Let us first begin by seperating our dat into Training and Testing sets
spl = createDataPartition(stroke_data_filt$stroke, p = 0.8, list = FALSE) # 80% for training
StrokeTrain = stroke_data_filt[spl,]
StrokeTest = stroke_data_filt[-spl,]What is LDA:
Linear Discriminant Analysis (LDA) is a supervised machine learning algorithm used for classification and dimensionality reduction. It is particularly effective when the response variable (target) has multiple classes, and the goal is to separate these classes based on a set of predictors (features).
Assumptions: The predictors for each class are normally distributed. All classes share the same covariance matrix (homoscedasticity). Classes are linearly separable.
Linear Discriminant Analysis (LDA) and Quadratic Discriminant Analysis (QDA) are both classification algorithms that assume data follows a Gaussian distribution but differ in how they handle covariance structures. LDA assumes that all classes share the same covariance matrix, making it effective when decision boundaries are linear and the dataset is smaller, as it estimates fewer parameters. QDA, on the other hand, allows each class to have its own covariance matrix, making it more flexible for capturing non-linear decision boundaries. However, QDA requires larger datasets to estimate the covariance matrices accurately and may overfit when the sample size is limited. The choice between LDA and QDA depends on the dataset’s covariance structure, size, and the complexity of class separation.

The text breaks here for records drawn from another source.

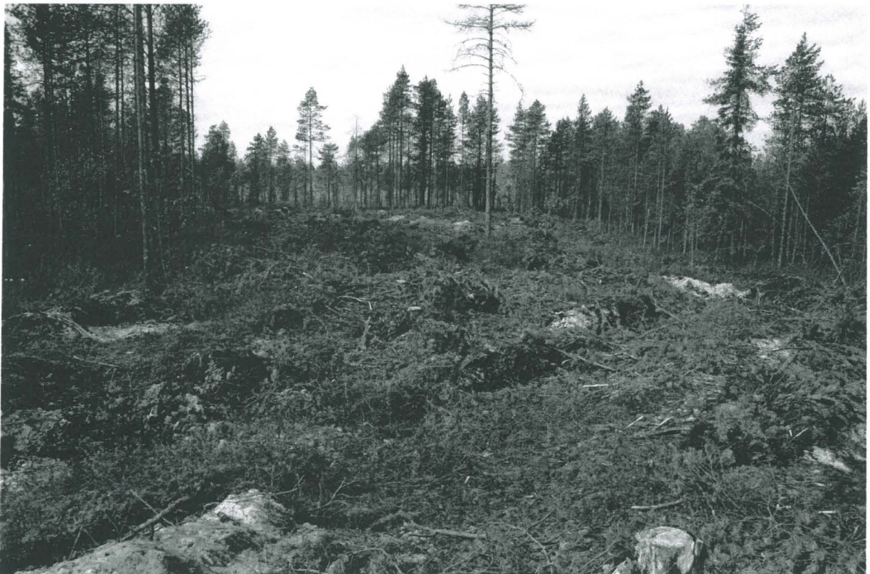
PPM DG VH 6:2011:13:03 Etualalla painanne 2 idästä, kuv. M. Sarkkinen.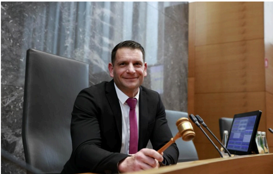
Зоран Стеванович виступає за поступове скасування антиросійських санкцій

Новий спікер парламенту Зоран Стеванович очолює партію Resni.ca, яку у медіа характеризують як євроскептичну.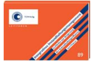
Integratives Instandhaltungsmanagement Ladenpreis: 257,10EUR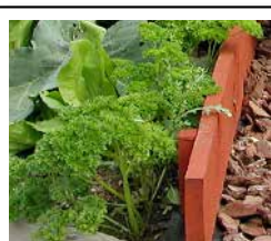
Petroselinum crispum 'Verta' RZ KRUSBLADIG PERSILJA Mörkgrön och finkrusig med kraftiga blad och skaft.

Persilja tar 3-4 veckor på sig att gro och 2-3 månader till innan den kan skördas. Sär du persilja i början av mars kan den kanske vara färdig till midsommar. Vi sår två sorter, krusbladig Petroselinum crispum 'Verta' och slätbladig Petroselinum crispum 'Comun 2'. Vi sår båda sorterna i plantboxar med ca 100-150 frö i varje som vi sedan säljer för utplantering. Krusbladig sår vi också i pluggar som sedan sätts tre och tre i 2-literskrukor för den som vill ha en rejäl kruka att ta av utanför köksdörren eller på balkongen.

For these reasons we will work with LDA
## Call:
## lda(stroke ~ ., data = StrokeTrain, prior = c(0.95, 0.05))
##
## Prior probabilities of groups:
## No Yes
## 0.95 0.05
##
## Group means:
## genderMale genderOther age hypertension heart_disease ever_marriedYes
## No 0.4106454 0.0002571355 41.84084 0.08588326 0.04474158 0.6389817
## Yes 0.4600000 0.0000000000 68.48000 0.27000000 0.19000000 0.8850000
## work_typeGovt_job work_typeNever_worked work_typePrivate
## No 0.1321677 0.00514271 0.5638982
## Yes 0.1300000 0.00000000 0.5800000
## work_typeSelf-employed Residence_typeUrban avg_glucose_level bmi
## No 0.1542813 0.495243 104.6201 28.84564
## Yes 0.2800000 0.535000 134.8949 30.07750
## smoking_statusnever smoked smoking_statussmokes smoking_statusUnknown
## No 0.3695037 0.1545384 0.311134
## Yes 0.3650000 0.1600000 0.185000
##
## Coefficients of linear discriminants:
## LD1
## genderMale 0.073425479
## genderOther -0.462367769
## age 0.050780450
## hypertension 0.640855229
## heart_disease 0.852091140
## ever_marriedYes -0.579794137
## work_typeGovt_job -1.062175193
## work_typeNever_worked -0.409826897
## work_typePrivate -0.788676856
## work_typeSelf-employed -1.027758321
## Residence_typeUrban 0.088798607
## avg_glucose_level 0.005616711
## bmi -0.013806883
## smoking_statusnever smoked -0.164321656
## smoking_statussmokes -0.067868070
## smoking_statusUnknown -0.064960868
This output shows the results of a Linear Discriminant Analysis (LDA) model predicting the likelihood of stroke (stroke) based on several predictors. The prior probabilities are set at 0.95 for “No” (no stroke) and 0.05 for “Yes” (stroke), reflecting a class imbalance. The group means reveal differences between individuals with and without strokes, such as higher average age, glucose levels, and BMI among stroke cases.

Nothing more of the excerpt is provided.